Di kampung kecil yang damai, hiduplah empat orang sahabat: Kobar, Kahar, Badu, dan Rijal. Mereka sering berkumpul di pos ronda, mengobrol soal berbagai hal, mulai dari harga cabai hingga masalah politik. Namun, akhir-akhir ini, topik yang paling sering muncul adalah soal toleransi beragama. Kampung mereka terkenal dengan keberagamannya, tapi belakangan suasana mulai agak panas.
Suatu malam, Kobar yang paling sering bicara sok bijak, mulai membuka diskusi, "Kawan-kawan, aku rasa toleransi itu penting. Aku ini orang yang paling toleran di kampung ini. Aku nggak pernah masalahin ibadah orang lain."
Badu langsung menimpali, "Toleran gimana? Kamu kan yang kemarin protes soal pengeras suara di masjid. Katanya terlalu keras, padahal kamu tinggal di sebelah masjid."
Kobar tersenyum kecut. "Itu kan soal volume, Badu. Nggak ada hubungannya sama toleransi. Lagian, aku kan cuma mau tidur nyenyak, bukan protes soal agamanya."
Rijal yang dari tadi hanya mendengarkan, akhirnya ikut bicara, "Toleransi bukan cuma soal suara masjid, Kobar.

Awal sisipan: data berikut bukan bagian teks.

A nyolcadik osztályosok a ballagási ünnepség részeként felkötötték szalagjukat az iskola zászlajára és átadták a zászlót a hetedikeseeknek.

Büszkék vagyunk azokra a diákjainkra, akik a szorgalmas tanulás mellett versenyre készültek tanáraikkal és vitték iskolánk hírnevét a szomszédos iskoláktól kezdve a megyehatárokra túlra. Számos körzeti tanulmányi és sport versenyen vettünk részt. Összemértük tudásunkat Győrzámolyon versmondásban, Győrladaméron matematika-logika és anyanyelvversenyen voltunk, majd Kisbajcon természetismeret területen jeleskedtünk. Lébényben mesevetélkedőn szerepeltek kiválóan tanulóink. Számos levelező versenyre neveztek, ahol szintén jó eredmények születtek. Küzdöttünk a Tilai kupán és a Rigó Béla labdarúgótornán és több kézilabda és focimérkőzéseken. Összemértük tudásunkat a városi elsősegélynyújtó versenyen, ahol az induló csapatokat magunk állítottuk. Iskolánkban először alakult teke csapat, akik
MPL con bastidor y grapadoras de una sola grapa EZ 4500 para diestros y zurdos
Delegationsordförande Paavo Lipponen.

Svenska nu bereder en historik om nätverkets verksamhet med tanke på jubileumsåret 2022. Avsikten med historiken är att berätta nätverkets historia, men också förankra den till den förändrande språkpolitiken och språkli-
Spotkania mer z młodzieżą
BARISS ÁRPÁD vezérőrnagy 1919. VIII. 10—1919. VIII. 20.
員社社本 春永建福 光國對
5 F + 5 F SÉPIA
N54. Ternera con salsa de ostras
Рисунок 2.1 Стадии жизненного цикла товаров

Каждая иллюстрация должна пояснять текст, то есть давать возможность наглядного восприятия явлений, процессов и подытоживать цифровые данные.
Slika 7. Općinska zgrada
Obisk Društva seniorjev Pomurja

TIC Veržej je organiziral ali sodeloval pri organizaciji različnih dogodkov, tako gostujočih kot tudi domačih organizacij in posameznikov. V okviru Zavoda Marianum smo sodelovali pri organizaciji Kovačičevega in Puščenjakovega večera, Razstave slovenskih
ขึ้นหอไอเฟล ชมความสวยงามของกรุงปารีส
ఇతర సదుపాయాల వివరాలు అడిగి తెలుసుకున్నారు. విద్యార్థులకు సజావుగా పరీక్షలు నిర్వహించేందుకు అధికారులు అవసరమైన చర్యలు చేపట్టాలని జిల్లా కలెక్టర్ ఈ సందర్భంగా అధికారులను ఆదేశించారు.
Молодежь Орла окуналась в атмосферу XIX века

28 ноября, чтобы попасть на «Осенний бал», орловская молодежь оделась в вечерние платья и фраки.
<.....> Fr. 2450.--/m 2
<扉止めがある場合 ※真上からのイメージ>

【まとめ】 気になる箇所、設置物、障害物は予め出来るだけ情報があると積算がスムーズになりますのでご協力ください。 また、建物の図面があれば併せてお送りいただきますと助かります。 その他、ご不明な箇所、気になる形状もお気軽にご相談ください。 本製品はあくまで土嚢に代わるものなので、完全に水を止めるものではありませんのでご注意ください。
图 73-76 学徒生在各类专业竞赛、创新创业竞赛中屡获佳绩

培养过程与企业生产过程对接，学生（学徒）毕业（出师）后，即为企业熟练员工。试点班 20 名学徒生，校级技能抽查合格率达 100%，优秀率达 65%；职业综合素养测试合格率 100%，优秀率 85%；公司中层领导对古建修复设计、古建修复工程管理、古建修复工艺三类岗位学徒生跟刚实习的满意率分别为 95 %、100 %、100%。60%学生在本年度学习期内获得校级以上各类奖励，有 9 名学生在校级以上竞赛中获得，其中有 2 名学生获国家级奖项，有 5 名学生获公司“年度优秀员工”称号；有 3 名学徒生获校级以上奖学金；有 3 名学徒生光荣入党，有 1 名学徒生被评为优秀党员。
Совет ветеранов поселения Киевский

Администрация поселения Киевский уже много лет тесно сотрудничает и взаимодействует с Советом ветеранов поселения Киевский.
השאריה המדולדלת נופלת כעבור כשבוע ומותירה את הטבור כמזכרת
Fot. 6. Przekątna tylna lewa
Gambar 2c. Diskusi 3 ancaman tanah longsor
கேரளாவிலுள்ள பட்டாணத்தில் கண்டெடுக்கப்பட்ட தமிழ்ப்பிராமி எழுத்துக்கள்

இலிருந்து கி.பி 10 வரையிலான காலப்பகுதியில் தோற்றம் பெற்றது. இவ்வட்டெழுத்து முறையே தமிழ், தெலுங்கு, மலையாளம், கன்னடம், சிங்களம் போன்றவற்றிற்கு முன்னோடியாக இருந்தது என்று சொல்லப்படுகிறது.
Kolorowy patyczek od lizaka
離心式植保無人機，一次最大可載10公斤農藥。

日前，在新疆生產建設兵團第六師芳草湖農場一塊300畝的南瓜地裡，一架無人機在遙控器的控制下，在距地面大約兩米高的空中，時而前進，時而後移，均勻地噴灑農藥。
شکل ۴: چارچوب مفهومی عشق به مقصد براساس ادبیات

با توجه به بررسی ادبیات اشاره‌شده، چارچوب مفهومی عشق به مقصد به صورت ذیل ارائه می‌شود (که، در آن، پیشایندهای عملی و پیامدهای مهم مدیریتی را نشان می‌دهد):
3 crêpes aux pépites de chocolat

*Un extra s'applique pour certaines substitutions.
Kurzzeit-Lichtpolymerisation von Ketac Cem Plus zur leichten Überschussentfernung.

Kadang, kita harus bisa terima kebiasaan orang lain, meskipun nggak selalu sesuai dengan cara kita."
Kahar, yang biasanya lebih kalem, mengangguk pelan. "Benar. Ingat waktu ada perayaan agama lain di kampung sebelah? Kobar juga protes karena arak-arakan mereka bikin macet jalanan."
Kobar tampak kebingungan mencari alasan. "Eh, itu... aku cuma mikirin lalu lintas, Kahar. Lagian, orang yang mau lewat jadi susah kan? Bukan berarti aku nggak menghormati."
Badu tertawa keras. "Ah, alasan saja. Kamu ini sebenarnya pengen nyaman terus, tapi kalau nyamannya kamu yang terganggu, baru deh ngomel-ngomel."
Kahar menambahkan, "Toleransi itu bukan soal nyaman atau tidak nyaman, Kobar. Kita nggak bisa pilih-pilih kapan kita toleran. Namanya juga hidup bersama, pasti ada gesekan."
Kobar mulai merasa terpojok. "Tapi gimana dong, kalau setiap kali ada acara agama, jalanan macet, atau ada acara yang ganggu istirahat?"